Jeff's Response and the Revert
Jeff Davis (committer, owner of most recent locale work) accepts the argument immediately. The tradeoff calculus changes once the -1 sentinel is framed as blocking a security/correctness tool rather than merely being slightly ugly: matching ICU's API is a weak justification, while enabling better UBSan coverage across every collation call site is a strong one.
The follow-up patch reverts the -1 convention, requiring all callers to pass a real length. Jeff notes the one real cost: backport friction. Locale code has had a steady stream of fixes (collation version mismatches, ICU upgrades, libc locale handling), and reverting a signature change creates churn that complicates cherry-picks across branches. This is accepted as worth the price.
Key Technical Insights
The vtable design is the right home for the "NUL-terminated fast path"

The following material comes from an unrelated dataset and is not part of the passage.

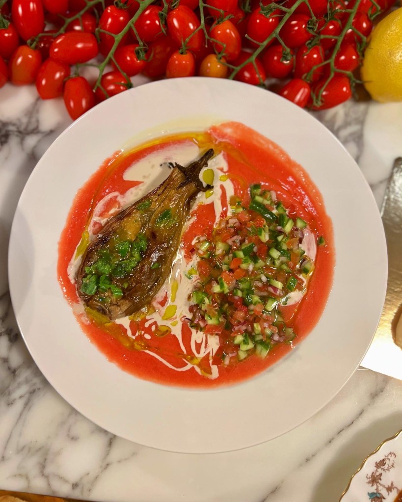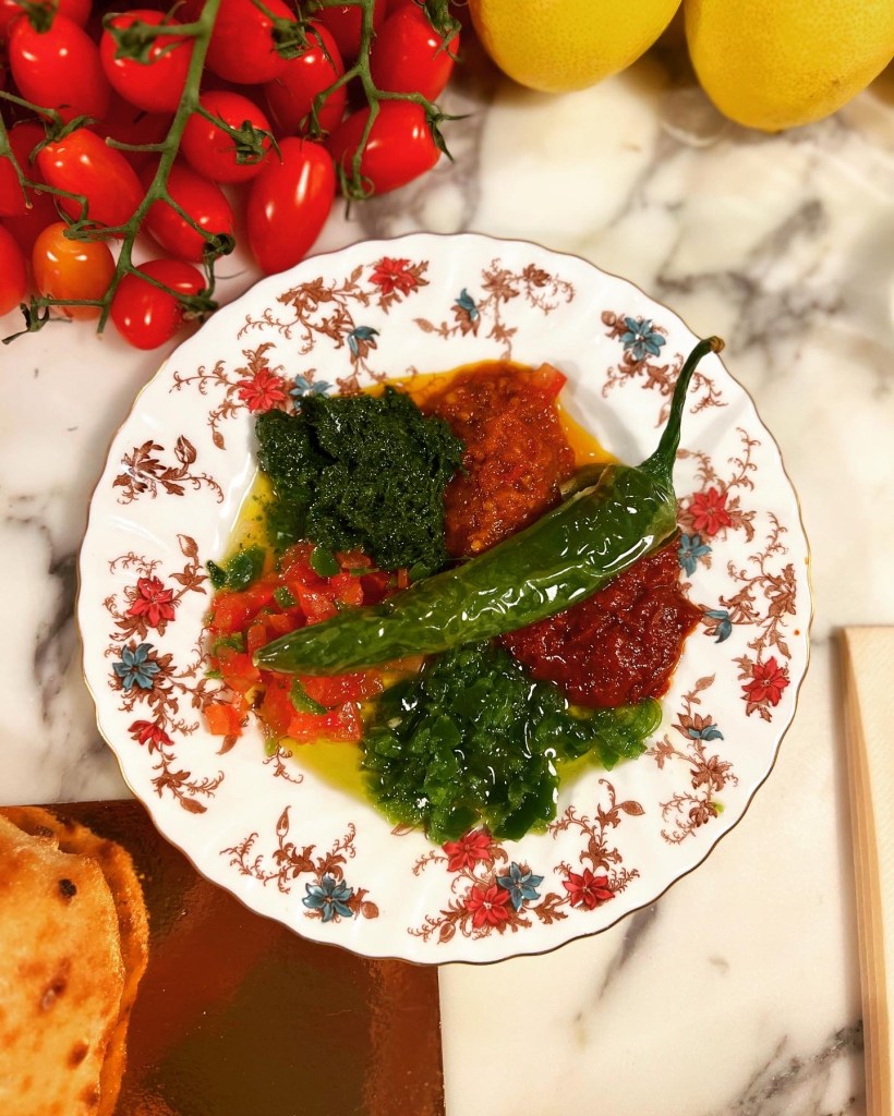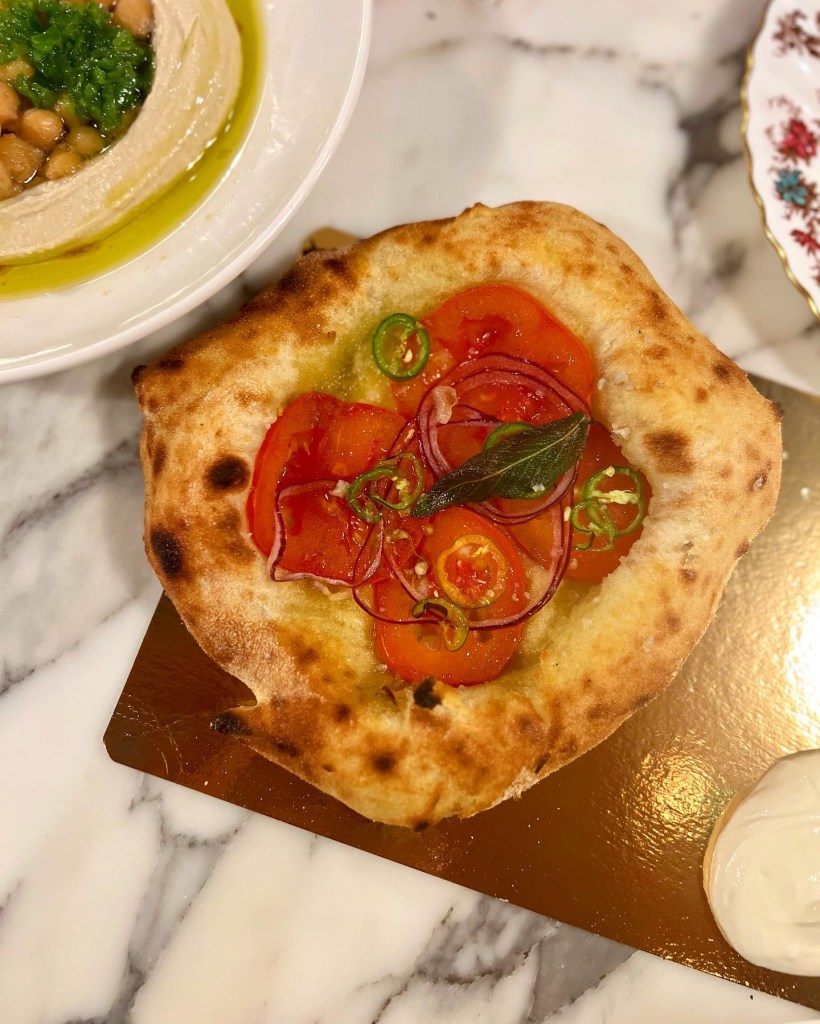 The atmosphere at Lilienblum reflects the laidback cool of a Tel Aviv eatery. Step inside and the first thing you’ll notice is the gentle smell of sage, thanks to leaves pulled from the huge bouquets of herbs dangling over the marble countertop of the open kitchen – home to the best seats (or stools) in the house. Lead by head chef Oren King (whose CV includes Dinner By Heston, Hide and Roka), come here for Eyal-style theatrics. An array of fruit and vegetables adorn the counter organised by colour into a vivid rainbow. It’s details like these – as well as house plants, scattered candles, and tomatoes on the tables (they’re big fans of tomatoes at Lilienblum, as you’ll see from the menu) – that makes what is actually quite a large restaurant feel inviting, intimate and warm. The front of house team are also welcoming and keen to guide diners through the curious and poetic menu.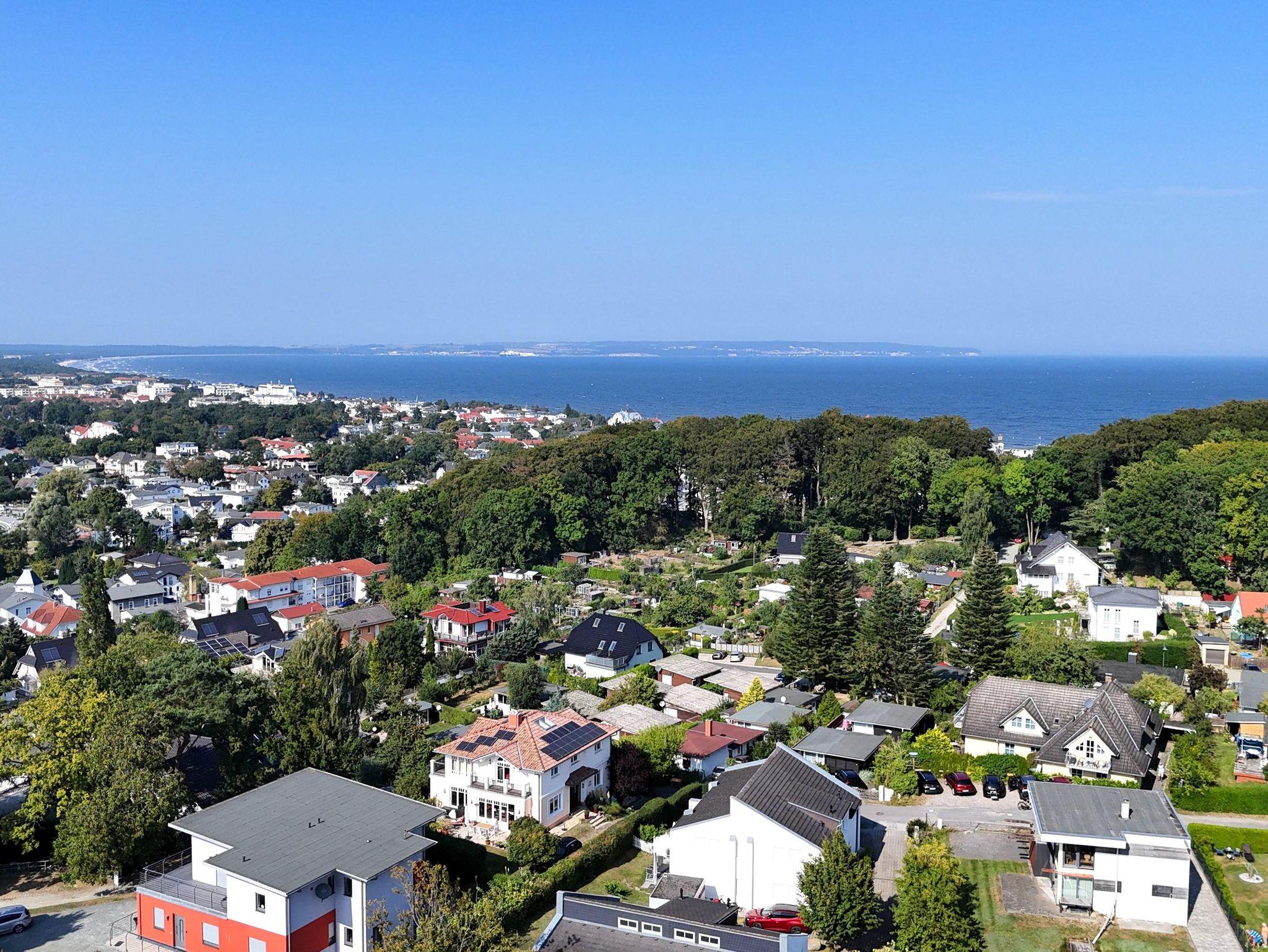 Der lichtdurchflutete Wohnbereich mit hochwertiger Einrichtung führt ebenfalls auf die großzügige Dachterrasse, die einen atemberaubenden Blick über die Dächer von Binz bietet. Eine moderne, voll ausgestattete Küche lässt keine Wünsche offen.

The original justification — avoiding a copy when libc gets a NUL-terminated string — is legitimate. The architectural answer is not to overload the length parameter but to expose two method slots. A provider that can exploit NUL-termination (libc) publishes both; a provider that cannot or does not care (ICU, where the underlying call already takes a length) publishes only the length-taking variant. This preserves the invariant that a size_t/ssize_t length parameter always bounds the access.

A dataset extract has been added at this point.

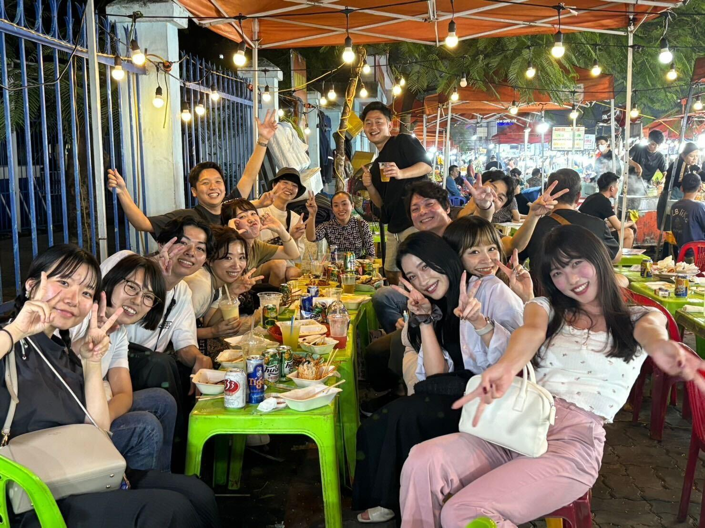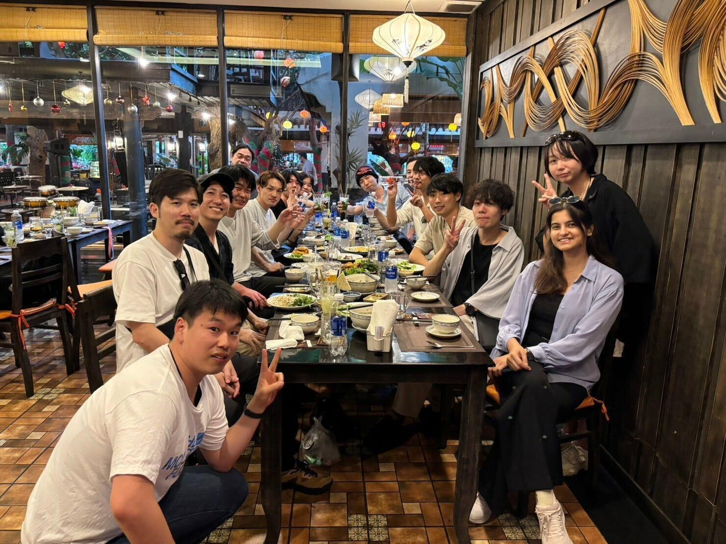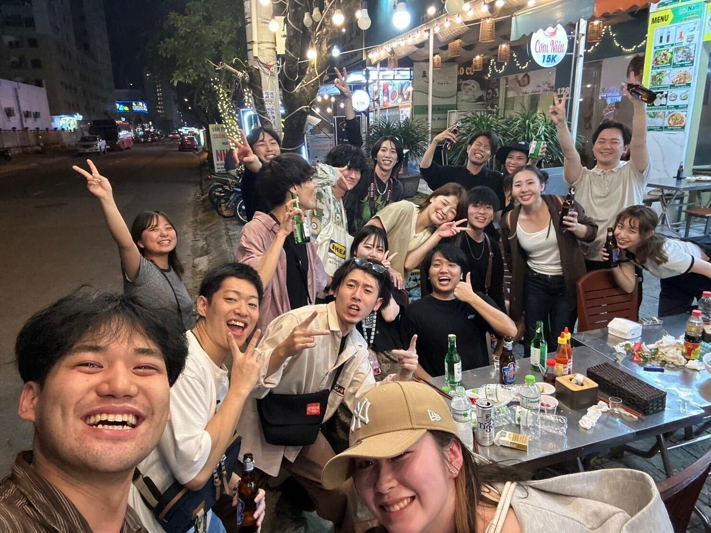 写真はホイアンのレストランでとった集合写真です。ホイアンは観光地ということもあり人が多かったですが活気があり、なによりもランタンの明かりがとても綺麗でした!面白いなと思ったのは、ランタンを背景に写真を撮られる人が多かったのか撮影にも料金を取るお店があったことです。稼ぎ方は様々あるなと勉強になりました。

Sentinel lengths are hostile to memory-safety tooling
This is a generalizable lesson for PostgreSQL: any internal API that uses an in-band sentinel (-1, (size_t)-1, 0 meaning "unknown") in a length parameter forecloses the use of compiler access annotations and degrades UBSan/fortify-source coverage. As PG invests more in sanitizer-based CI (Andres has been a primary driver here), these sentinels become a liability.

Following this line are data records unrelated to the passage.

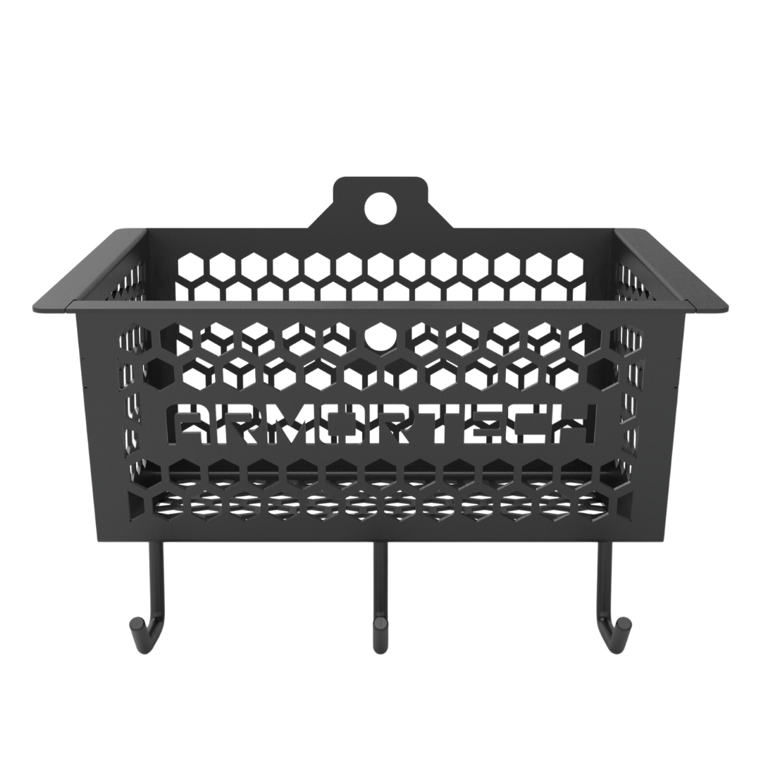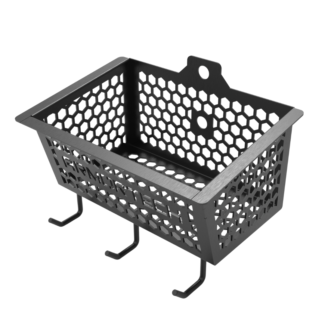 Compatible with X Series uprights and commercial storage uprights. The precision-cut holes are designed to minimise dust and debris build-up, keeping your equipment clean and ready for use. Features three front hooks for convenient storage of accessories such as resistance bands, wrist wraps, and cable attachments.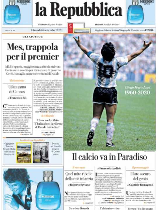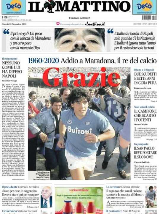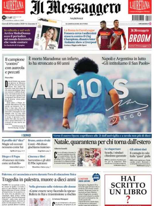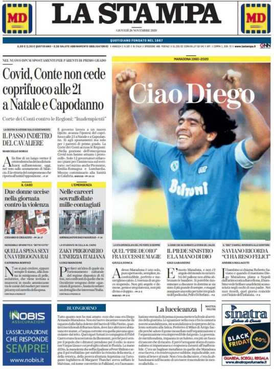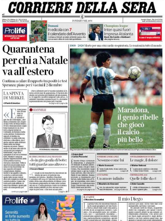 Molto spazio anche alla morte di Diego Armando Maradona, all’interno un interessante editoriale di Massimo Gramellini.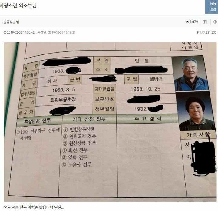 할아버지 군경력 레전드 0

Incremental refactoring toward pluggable providers
Jeff's broader plan — pg_locale_t as a method-table handle, eventually a CREATE LOCALE PROVIDER DDL with handler functions — parallels how CREATE ACCESS METHOD generalized heap/index AMs. The refactoring in this thread (and others) is preparatory: pushing provider-specific branching out of the call sites and into a dispatch table. Once the dispatch is clean, the step from "hard-coded libc/ICU/builtin dispatch" to "extension-provided dispatch" is mostly a matter of replacing char datlocprovider with an OID and adding a handler contract.
datlocprovider as OID
The suggestion to make datlocprovider an OID is substantive: it means collation providers become first-class catalog objects with dependency tracking, pg_depend entries, and the ability to be shipped by extensions. This would be a catalog-visible change (pg_database column type) requiring pg_upgrade consideration, which is why Jeff mentions it only as direction, not as an immediate proposal.
Participant Dynamics
- Jeff Davis owns the locale refactoring effort and is driving toward pluggable providers. He proposed the
-1convention and accepted its reversal without pushback once presented with the tooling argument. - Andres Freund intervenes not on the refactoring's direction (which he implicitly endorses via the
strcollvsstrncollmethod-slot suggestion) but on a specific API choice that collides with his orthogonal work on access-range annotations. His review functions as a forward-looking constraint: "design the vtable so that lengths remain lengths."
Timeline Note on Dates
The thread spans an unusually long period: initial post August 2024, follow-up patch September 2024, Andres's objection May 2026, Jeff's revert May 2026. The ~20-month gap suggests the original patch was committed and lived in tree, and Andres's objection arose only when his annotation work actually encountered the -1 sentinel in practice — reinforcing that the problem was not predicted a priori but discovered through tool development.